■ **WHAT THE EXERCISE ASKS**: In the entries below, find the line with "Если претендентов несколько" and the line with "Jun 10, 2024;"; reproduce those two lines and all lines between them exactly, without pictures.

Stored dataset items
--- --- ---
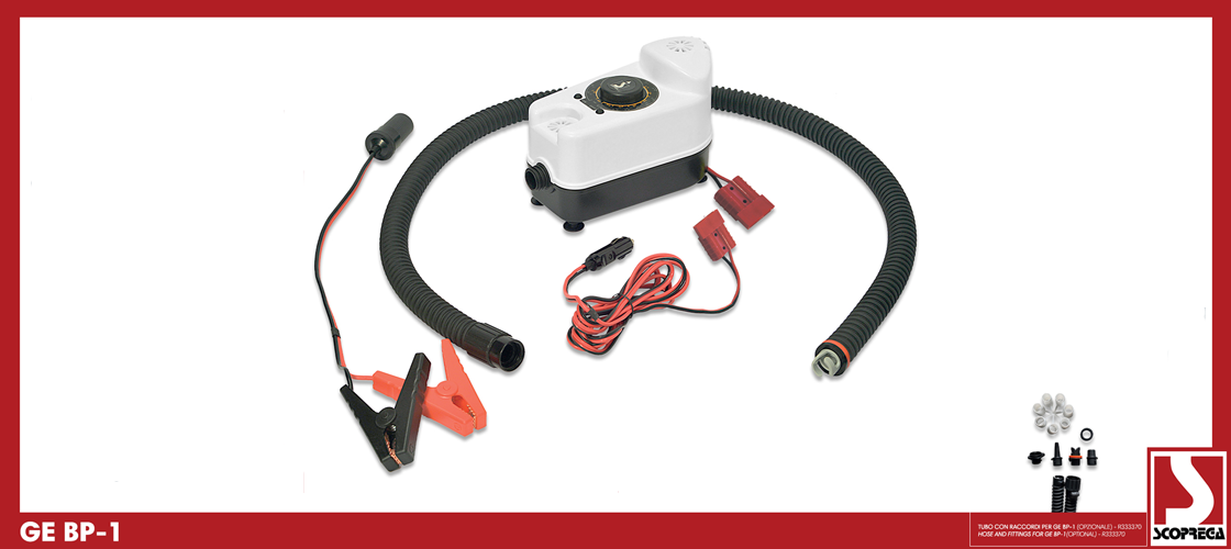 Al fine di poter utilizzare il GE BP-1 anche per il gonfiaggio di Gommoni, Kites, Zattere, Materassi ad aria e gonfiabili da piscina, abbiamo creato un kit ricambi (nostro codice R333370) che include un tubo aggiuntivo e una serie di raccordi per tutte le varie applicazioni, da ordinare separatamente.
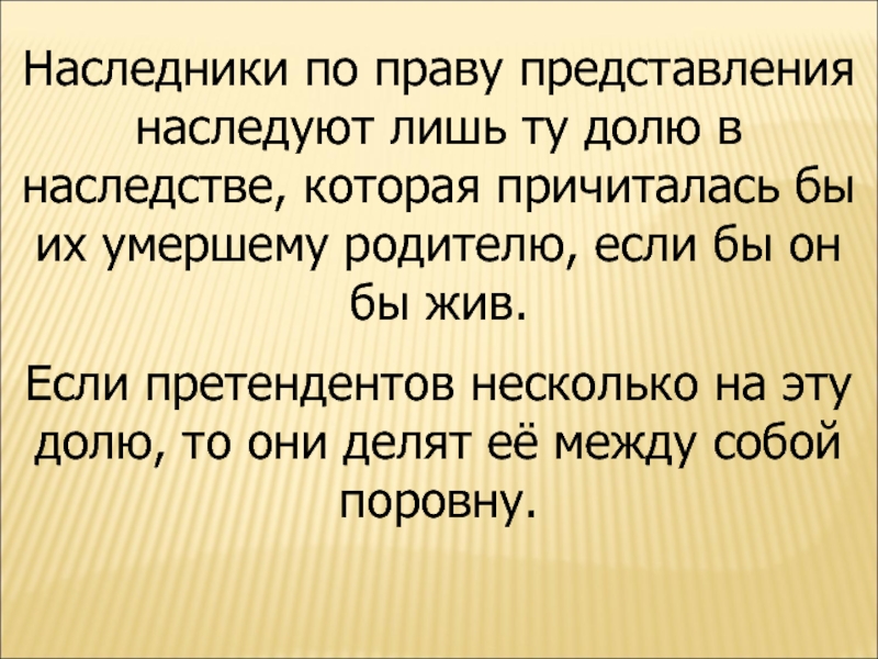 Если претендентов несколько на эту долю, то они делят её между собой поровну.
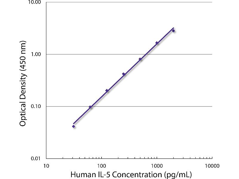 Der Ratte Monoklonal anti-IL-5 Antikörper wird verwendet zum Nachweis von IL-5 in Proben von Human. Er wurde validiert für ELISA, D und ELISA (Capture).
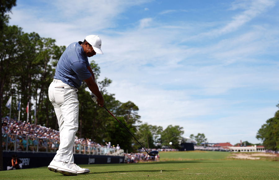 Jun 10, 2024; Pinehurst, North Carolina, USA; Tiger Woods tees off on the 18th hole during a practice round for the U.S. Open golf tournament at Pinehurst No. 2. Mandatory Credit: Katie Goodale-USA TODAY Sports
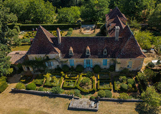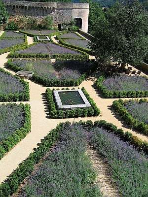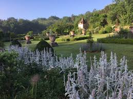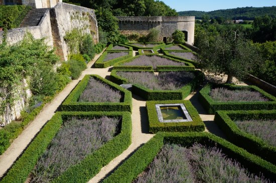 Este conjunto de bordados de boj, parterres y arbustos fragantes, tiras planas de rosas viejas, peonías y bulbos, está organizado con sencillez y elegancia. Un gran huerto ornamental, de inspiración florentina, con fuente, pabellones , completa este conjunto apreciado por los conocedores y único en el Périgord.
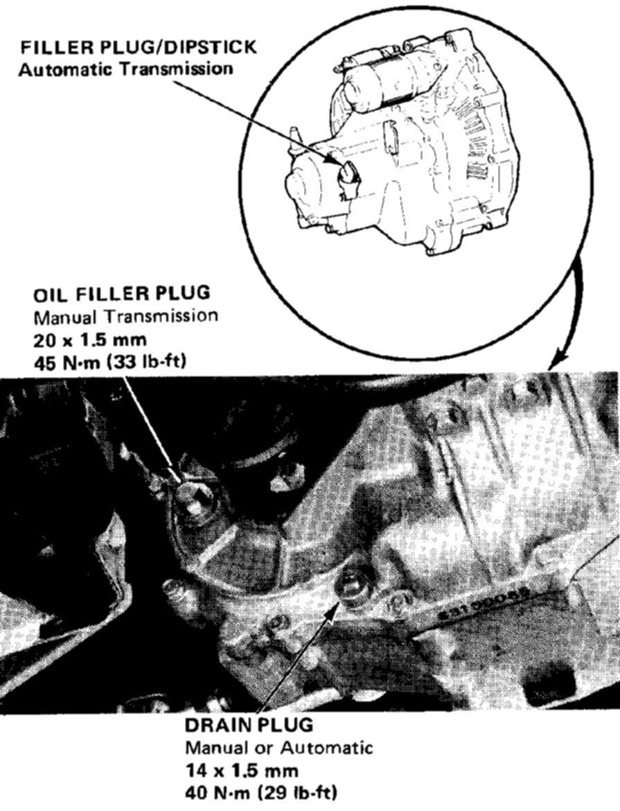 9. Drain transmission oil/fluid. Use a 3/8" drive socket wrench to remove drain plug. Remove oil filler plug to speed draining. Reinstall drain plug with new washer.
--- --- ---
■ **RESPONSE TO THE TASK**:
 Если претендентов несколько на эту долю, то они делят её между собой поровну.
 Der Ratte Monoklonal anti-IL-5 Antikörper wird verwendet zum Nachweis von IL-5 in Proben von Human. Er wurde validiert für ELISA, D und ELISA (Capture).
 Jun 10, 2024; Pinehurst, North Carolina, USA; Tiger Woods tees off on the 18th hole during a practice round for the U.S. Open golf tournament at Pinehurst No. 2. Mandatory Credit: Katie Goodale-USA TODAY Sports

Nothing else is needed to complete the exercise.